Summary
AutoZone Inc. reported strong financial performance for the twelve weeks ended November 19, 2011. Net sales increased by 7.4% to $1.924 billion, driven by a 4.6% same-store sales growth in the domestic market. This growth was observed in both retail and commercial customer segments, likely benefiting from consumers keeping their existing vehicles longer due to economic conditions. Diluted earnings per share saw a significant jump of 24.0% to $4.68, up from $3.77 in the prior year period. The company's gross profit margin improved to 51.1% from 50.7%, attributed to better distribution cost leverage, lower shrink expense, and slightly higher merchandise margins. Operating expenses as a percentage of sales also decreased, benefiting from lower incentive compensation and favorable legal expenses. Despite an increase in net interest expense due to higher average borrowings, the company's robust sales and margin improvements led to a substantial increase in net income. AutoZone continues to actively manage its capital structure, repurchasing $309.8 million of its common stock during the quarter, and has $658.9 million remaining under its authorized share repurchase program. The company also strengthened its liquidity by amending and restating its revolving credit facility to $1.0 billion, maturing in September 2016.
Financial Highlights
48 data points| Revenue | $1.92B |
| Cost of Revenue | $940.71M |
| Gross Profit | $983.63M |
| SG&A Expenses | $642.69M |
| Operating Expenses | $642.69M |
| Operating Income | $340.93M |
| Interest Expense | $39.09M |
| Net Income | $191.13M |
| EPS (Basic) | $4.79 |
| EPS (Diluted) | $4.68 |
| Shares Outstanding (Basic) | 39.87M |
| Shares Outstanding (Diluted) | 40.86M |
Key Highlights
- 1Net sales increased by 7.4% to $1.924 billion for the twelve weeks ended November 19, 2011.
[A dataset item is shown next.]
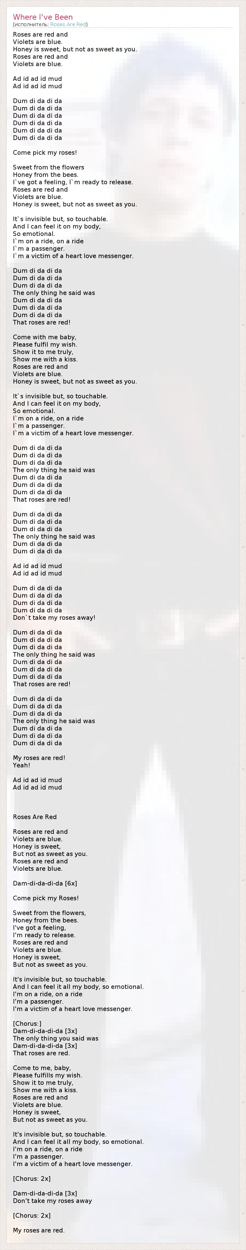 Roses are red and Violets are blue. Honey is sweet, but not as sweet as you. Roses are red and Violets are blue. Ad id ad id mud Ad id ad id mud Dum di da di da Dum di da di da Dum di da di da Dum di da di da Dum di da di da Dum di da di da Come pick my roses! Sweet from the flowers Honey from the bees. I`ve got a feeling, I`m ready to release. Roses are red and Violets are blue. Honey is sweet, but not as sweet as you. It`s invisible but, so touchable. And I can feel it on my body, So emotional. I`m on a ride, on a ride I`m a passenger. I`m a victim of a heart love messenger. Dum di da di da Dum di da di da Dum di da di da The only thing he said was Dum di da di da Dum di da di da Dum di da di da That roses are red! Come with me baby, Please fulfil my wish. Show it to me truly, Show me with a kiss. Roses are red and Violets are blue. Honey is sweet, but not as sweet as you. It`s invisible but, so touchable. And I can feel it on my body, So emotional. I`m on a ride, on a ride I`m a passenger. I`m a victim of a heart love messenger. Dum di da di da Dum di da di da Dum di da di da The only thing he said was Dum di da di da Dum di da di da Dum di da di da That roses are red! Dum di da di da Dum di da di da Dum di da di da The only thing he said was Dum di da di da Dum di da di da Ad id ad id mud Ad id ad id mud Dum di da di da Dum di da di da Dum di da di da Dum di da di da Don`t take my roses away! Dum di da di da Dum di da di da Dum di da di da The only thing he said was Dum di da di da Dum di da di da Dum di da di da That roses are red! Dum di da di da Dum di da di da Dum di da di da The only thing he said was Dum di da di da Dum di da di da Dum di da di da My roses are red! Yeah! Ad id ad id mud Ad id ad id mud Roses Are Red Roses are red and Violets are blue. Honey is sweet, But not as sweet as you. Roses are red and Violets are blue. Dam-di-da-di-da [6x] Come pick my Roses! Sweet from the flowers, Honey from the bees. I've got a feeling, I'm ready to release. Roses are red and Violets are blue. Honey is sweet, But not as sweet as you. It's invisible but, so touchable. And I can feel it all my body, so emotional. I'm on a ride, on a ride I'm a passenger. I'm a victim of a heart love messenger. [Chorus:] Dam-di-da-di-da [3x] The only thing you said was Dam-di-da-di-da [3x] That roses are red. Come to me, baby, Please fulfills my wish. Show it to me truly, Show me with a kiss. Roses are red and Violets are blue. Honey is sweet, But not as sweet as you. It's invisible but, so touchable. And I can feel it all my body, so emotional. I'm on a ride, on a ride I'm a passenger. I'm a victim of a heart love messenger. [Chorus: 2x] Dam-di-da-di-da [3x] Don't take my roses away [Chorus: 2x] My roses are red.

- 2Domestic same-store sales grew by 4.6%, contributing to overall sales growth.
- 3Diluted earnings per share (EPS) rose significantly by 24.0% to $4.68, compared to $3.77 in the prior year.
- 4Gross profit margin improved to 51.1% due to cost leverage and better merchandise margins.
- 5Operating expenses as a percentage of sales decreased, driven by lower incentive compensation and favorable legal expenses.
- 6The company repurchased $309.8 million of its common stock during the quarter, reflecting a strong commitment to shareholder returns.
- 7Liquidity was enhanced through an amendment and restatement of its revolving credit facility, increasing its capacity to $1.0 billion.